Haemophilus influenzae Type f Meningitis With an Intraventricular Abscess
Miri Nakashio, Ryoko Nikaido, Junichiro Nishi, Masashi Kasai, Takeshi Morisawa

TL;DR
This paper reports a rare case of Haemophilus influenzae type f meningitis with an intraventricular abscess in a young child and highlights the challenges of treating antibiotic-resistant strains.
Contribution
The paper presents a rare clinical case of Hif meningitis with an intraventricular abscess and β-lactamase-negative ampicillin resistance.
Findings
The patient was successfully treated with a combination of dexamethasone, cefotaxime, and meropenem.
Follow-up imaging showed complete resolution of the abscess with no long-term complications.
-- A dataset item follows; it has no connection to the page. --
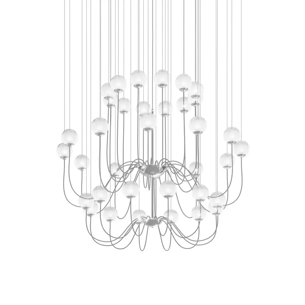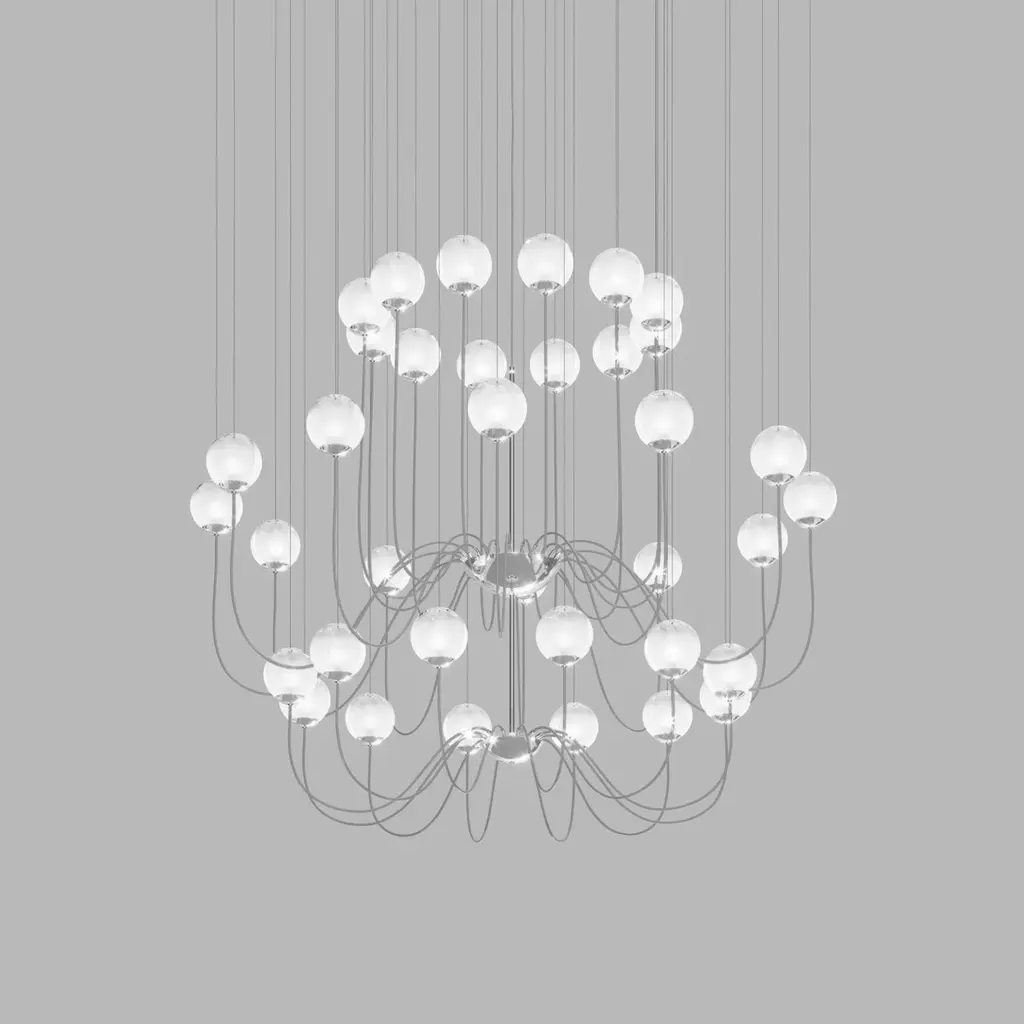 Collection of lamps with a blown and irregular striped glass diffuser. The three sizes of the spheres and the different cable heights are designed to create elegant compositions. The chandelier version allows to fix the diffusers with steel cables to the ceiling, creating different games.Specifications:Material: GlassLight source: G9 ULNo of bulbs: 36×20W G9 UL (120V/60HZ)Dimmer: DIM 1Year: 2015Glass finish: White ShadedFrame finish: Glossy ChromeDimensions: Ø 190 x 180 H cmCable length: 160 cmAvailable in other glass finish options: Amber Transparent, Crystal Transparent, Smoky Transparent, Multicolor 1, Multicolor 2, Multicolor 3Available in other frame finish option: Matt black 1Please inquire about customization options.

The case emphasizes the need for surveillance of Hif serotypes and resistance patterns.
Abstract
Haemophilus influenzae (Hi) is a key pathogen causing bacterial meningitis in children. The introduction of the Haemophilus influenzae type b (Hib) vaccine has significantly reduced the incidence of invasive Haemophilus influenzae disease (IHD). However, cases caused by non-type b strains, such as type f (Haemophilus influenzae type f (Hif)), are gradually increasing, although they remain rare. We report a case of Hif meningitis complicated by an intraventricular abscess in an 11-month-old boy with no significant medical history. He presented with a high fever and lethargy over two days. Cerebrospinal fluid (CSF) analysis revealed pleocytosis and hypoglycorrhachia, while brain magnetic resonance imaging (MRI) identified an intraventricular abscess. Cultures confirmed the presence of Hif with β-lactamase-negative ampicillin resistance (BLNAR). The patient was treated with intravenous…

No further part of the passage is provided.